Looking forward to the next ten years, there is increasing excitement about the Enterprise market in silicon valley. I think we have seen waves of innovation form and deliver change in enterprise: the first big wave was the introduction of computing, the second was the Internet, and the third is a combination of cloud, big-data, and mobility. 

There are some clear reasons for this enthusiasm:

First, for about a decade and a half, technology startups have tried to sell solutions that can be broadly classified as either faster, cheaper, or more efficient. Touting ‘lower TCO’ or ‘lower opex’, these products aimed to save money for their customers but never really enabled new products or revenue for their customers. Today, for the first time since the arrival of Internet as a business reality, startups are creating products for the enterprise that enable the enterprise to create new lines of business and new revenue in addition to being faster/cheaper. This is particularly true in Enterprise Infrastructure where consumer platforms have already demonstrated scale, ability, and innovation never seen in enterprise products. Today, there is no reason why the technology stack in use at Twitter or Facebook should not be leveraged for GE or Walmart or the next 5000 enterprise IT operations – not merely to save them money, rather to enable new lines of business and revenue so that they can compete against new online businesses.
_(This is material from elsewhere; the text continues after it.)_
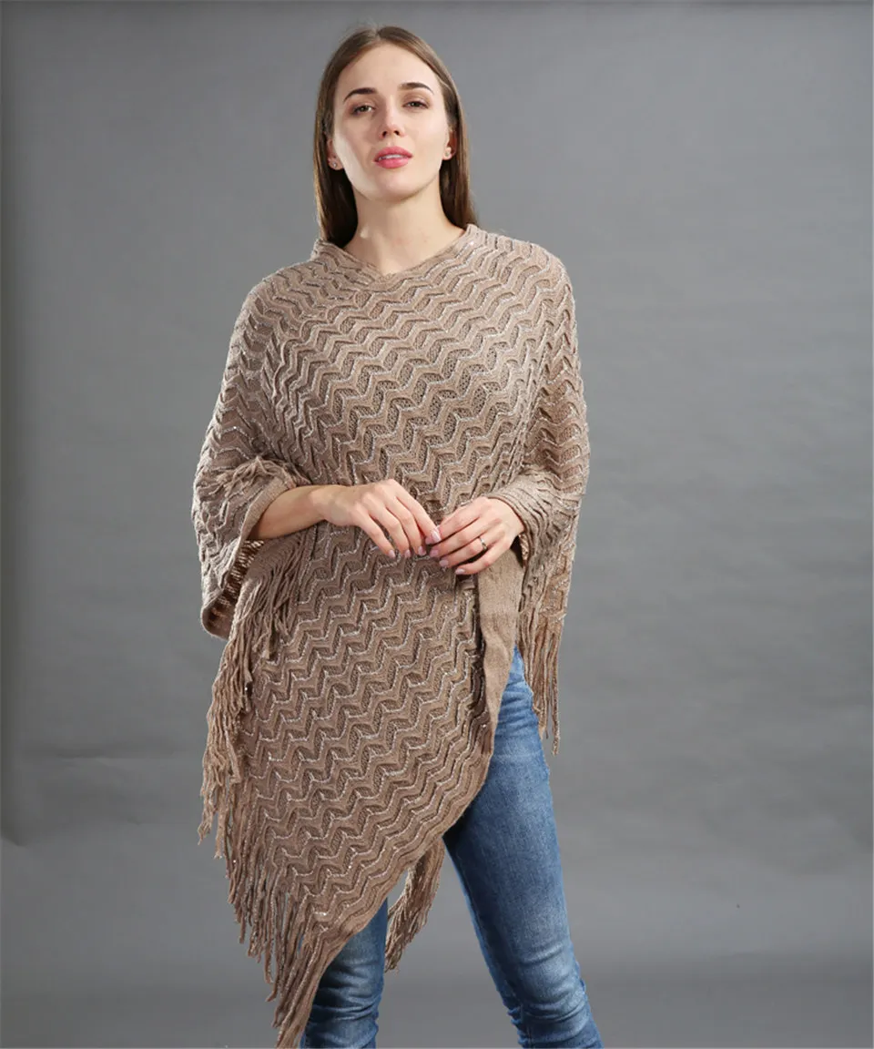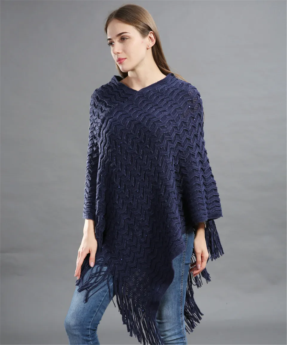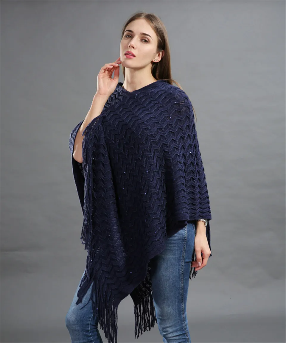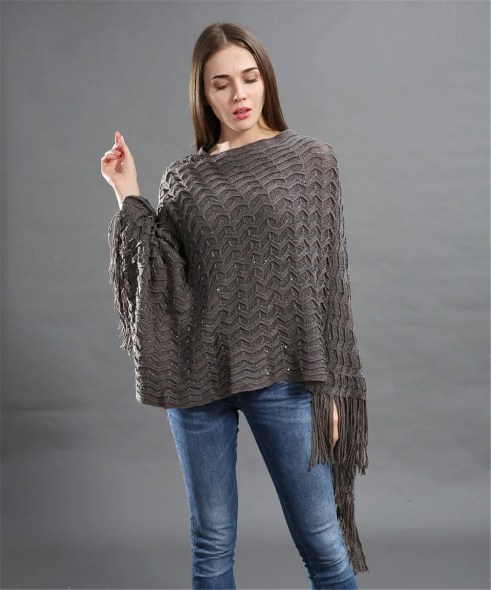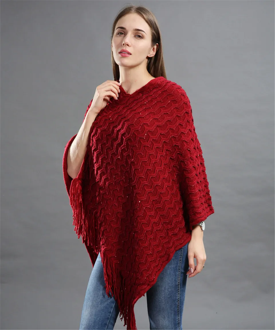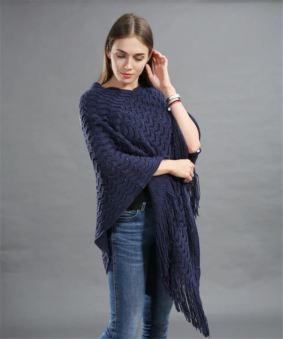 Warm Knitted Women Sweater Plus Size Solid Striped Sequins Poncho Winter Thick Tassel Sweater Batwing Sleeve Poncho And Capes

Second, software-as-a-service is now the dominant mode of delivery of most new applications for enterprise. While enterprise CIOs are changing over to this service-driven app consumption model, they are also facing a simultaneous change across all their resource layers – Computation, Storage , and Networking. Amazon and to some extent Google have proven you can leverage resources available anywhere (Cloud) across the Internet for your business operations whether you are a startup or the largest enterprise on the planet. This dual change presents most enterprises with perhaps the most complex challenge since the arrival of desktop computers for their workforce.  Solving this challenge will create large and long lasting opportunities for many startups and established vendors (IBM) alike. As if this challenge wasn’t enough, mobility is now a potential standard feature across all applications and requires deep changes to presentation, logic, and database layers. Startups targeting this particular field must remember that the “S” in SDN or SDDC must stand for “service”, not software.

And finally, the ability to manipulate, transform, and store unprecedented amounts of data (Big Data) for enterprise enables them to derive real-time intelligence and actionable information for their customers, partners, and suppliers. This Data-Intelligence segment alone has the potential to create a market as momentous as the Enterprise Software market that began with the founding of Systemanalyse und Programmentwicklung (“System Analysis and Program Development) in 1972, Software Development Labs in 1977 and Gupta Software in 1984.

Taken together, these innovations promise to deliver productivity gains that will rival those delivered by the first two waves (computing, Internet) in the enterprise.  Such productivity boost, coupled with new business capabilities has the potential to increase revenue and boost profit margins for enterprise customers that can leverage these advances. This is the beginning of a great new enterprise market for startups.

It is time to build the future of enterprise – starting now.